Statistics-451 : Applied Statistics for Engineers and Scientist was taught Summer term 2021 at PSU by Subhash Kochar. The problems on this page are from Probability & Statistics for Engineering & Sciences 9th Edition by Jay L. Devore - Duxbury Publisher, and the work mine.
beam <- c(5.9, 7.2, 7.3, 6.3, 8.1, 6.8, 7.0, 7.6, 6.8, 6.5, 7.0, 6.3, 7.9, 9.0,
8.2, 8.7, 7.8, 9.7, 7.4, 7.7, 9.7, 7.8, 7.7, 11.6, 11.3, 11.8, 10.7)
stem(beam)
##
## The decimal point is at the |
##
## 5 | 9
## 6 | 33588
## 7 | 00234677889
## 8 | 127
## 9 | 077
## 10 | 7
## 11 | 368
A representative strength value would be 7.7, as more observations are concentrated around this value than any other.
No, I would argue that the data has a slight positive skewed to the right.
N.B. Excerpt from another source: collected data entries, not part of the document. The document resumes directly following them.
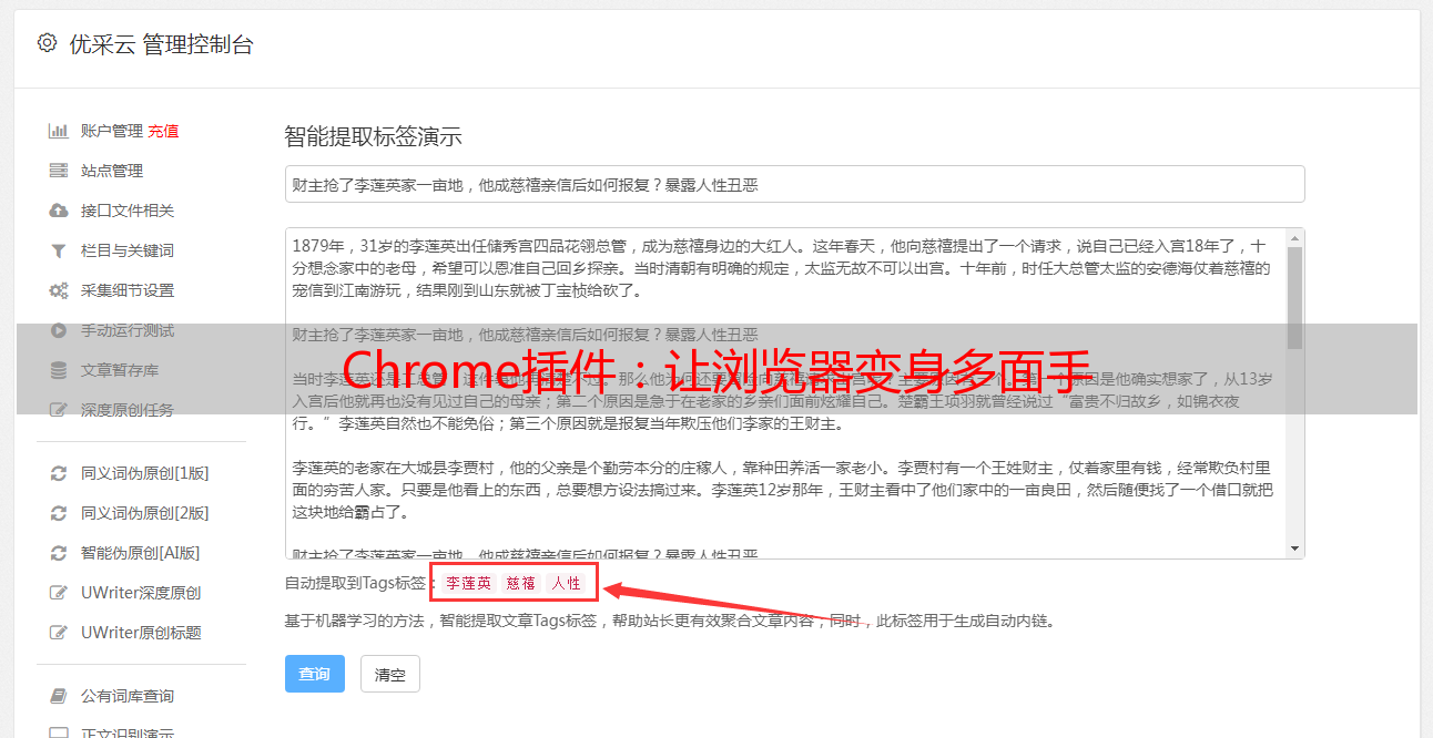 优采云 发布时间: 2023-12-29 02:49一、插件带来的便捷功能
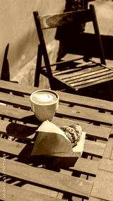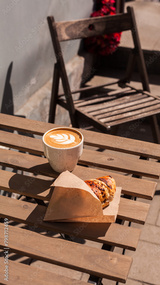 French breakfast with hot cappuccino coffee and freshly baked croissant served on the table in the cafe terrace. takeaway meal food, morning sun light
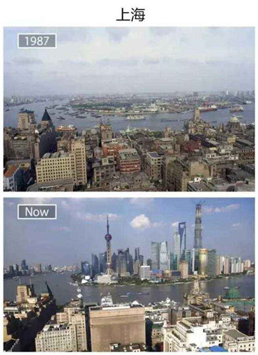 網上盛傳的上海今夕對比照片,因發展變化之大曾在朋友圈刷屏。
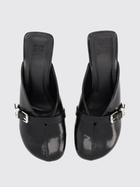 BLACK HEELED SUE MULES
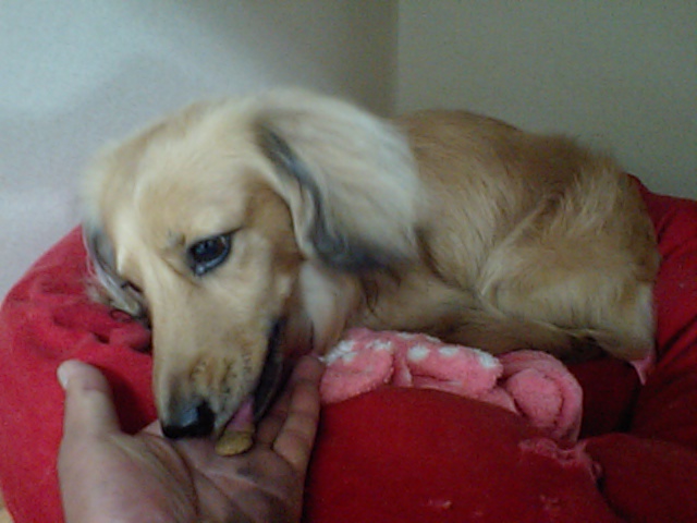 クリームのダックス君は甘えてるのかな?寝床に入ったまま、店長の手から食べてます。
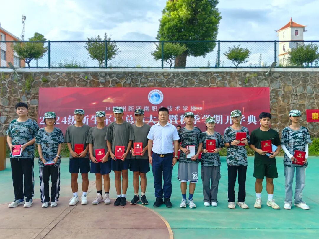 金色九月,秋风送爽。9月7日,赣州新江南职业技术学校2024秋季学期军训总结大会暨开学典礼隆重举行。集团董事长刘世芳、副董事长杨美红、执行校长肖承理、水西派出所所长兼法治副校长谢健、副校长陈小青、安全指导员卢海涛、校长助理冯李平及全体新生参加了本次大会。
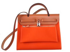 Hermès(爱马仕)Herbag 手提单肩包 金棕盖头橙色帆布 银扣 31cm

I say this because the higher frequency values (in blues) seem to be to the left of the representative value (indicated by the red line), which is to the left of the mean (indicated by the orange line).
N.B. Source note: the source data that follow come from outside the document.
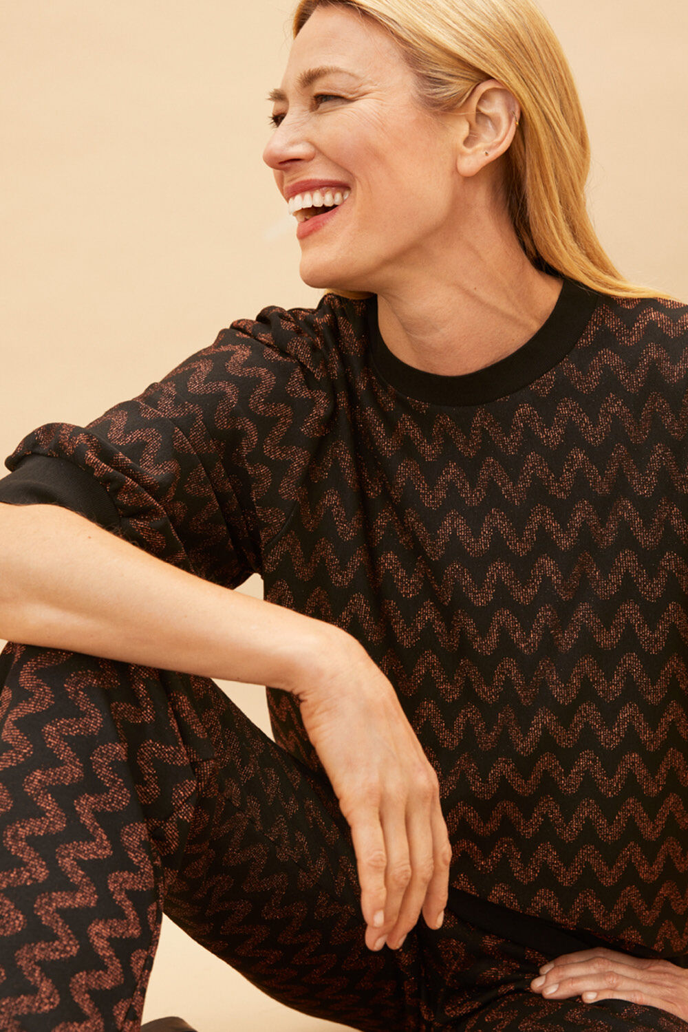 Everyone should have some glitter in their wardrobe. Sequins are brilliant for those days when you need to lift your spirits. Go all-in with matching head-to-toe sequins or wear the trousers with a chunky knit or shirt.
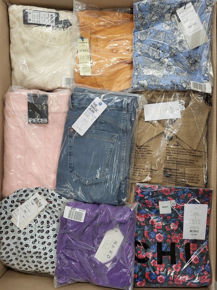 Approximately 100% package with paper tag. The package includes about 90 pcs. The packages include: pants, dresses, blouses (including tops), blouses/shirts, t-shirts. The package contains about 90% women’s clothing and single pieces of men’s and childre
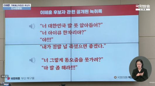 23일 이혜훈 기획예산처 장관 후보자에 대한 국회 인사청문회에서 이 후보자의 폭언이 담긴 녹취가 재생됐다.

Yes there seems to be a small density of values outlying around 11.
## [1] "14.81 %"
An unlikely 14.81% of values exceed 10 MPa.
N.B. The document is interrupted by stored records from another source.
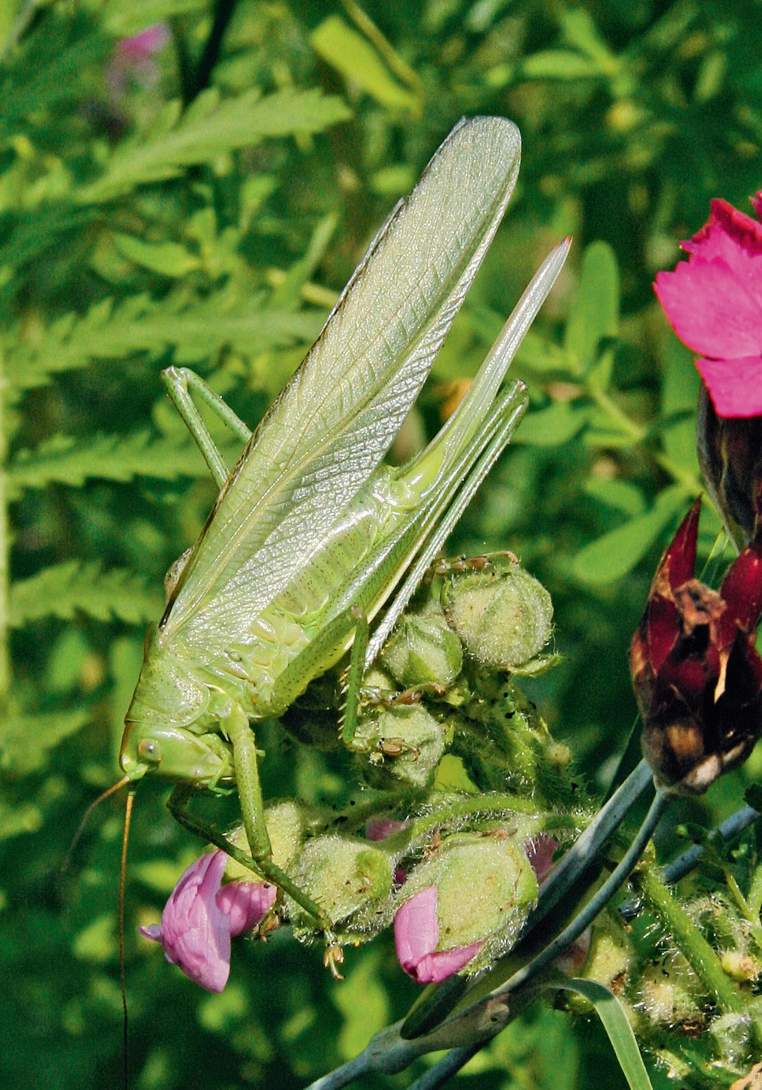 Nicht vom Nektar selbst angelockt, sondern auf der Jagd nach den Nektarsuchenden treiben sich allerlei weitere Gesellen im Blütenmeer herum. Da lauert beispielsweise das Grosse Heupferd im Staudengewirr. Unerwartet landet eine Kleinlibelle auf seinem Rücken, bemerkt den Irrtum, hebt blitzartig wieder ab und landet in den Nachbarstauden.
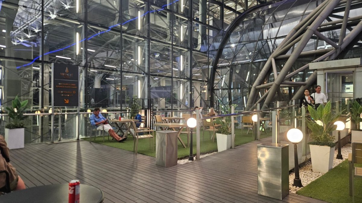 Asi jedine misto na letisti BKK za security, kde je legalni misto na koureni - venkovni terasa.
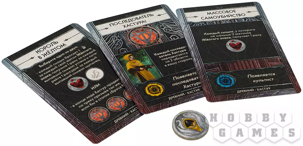 Игра содержит шесть различных сценариев и двух Древних, которым вы сможете бросить вызов: это Хастур, Король в жёлтом, и, конечно, Ктулху! Каждый сценарий предлагает оригинальное приключение, которое можно разыграть с любым Древним. Таким образом, у вас получается двенадцать уникальных сочетаний: сценарий задаёт свою карту игрового поля (здесь оно модульное), содержит описание конкретного ритуала, который нужно прервать, а также его последствий; описание двух дополнительных действий для сыщиков; содержит набор карт находок, Мифов и т. д. Древние отличаются культистами и монстрами, с которыми предстоит столкнуться сыщикам; своей силой и особенностями.
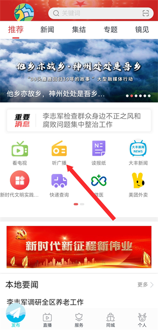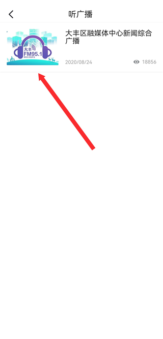 1、打開智慧大豐APP首頁,點(diǎn)擊聽廣播選項(xiàng),進(jìn)入聽廣播板塊頁面。

wood.g <- c(.31, .35, .36, .36, .37, .38, .40, .40, .40,
.41, .41, .42, .42, .42, .42, .42, .43, .44,
.45, .46, .46, .47, .48, .48, .48, .51, .54,
.54, .55, .58, .62, .66, .66, .67, .68, .75)
##
## The decimal point is at the |
##
## 0 | 344444444444444444
## 0 | 555555555566677778
##
## The decimal point is 1 digit(s) to the left of the |
##
## 3 | 156678
## 4 | 0001122222345667888
## 5 | 14458
## 6 | 26678
## 7 | 5
##
## The decimal point is 1 digit(s) to the left of the |
##
## 3 | 1
## 3 | 56678
## 4 | 000112222234
## 4 | 5667888
## 5 | 144
## 5 | 58
## 6 | 2
## 6 | 6678
## 7 |
## 7 | 5
Looking at the three stem-and-leaf displays there are a few interesting features about the gravity for various wood types used in construction data that stands out. Dropping the last digit in the data, the first stem-and-leaf display shows us that there’s an even number of values that are >0.5 and 0.5that appear most dense around 0.4. The second and third stem-and-leaf displays show us that these values are most dense about 0.42, with a small blip around 6.6 and obvious outlier for value 0.75.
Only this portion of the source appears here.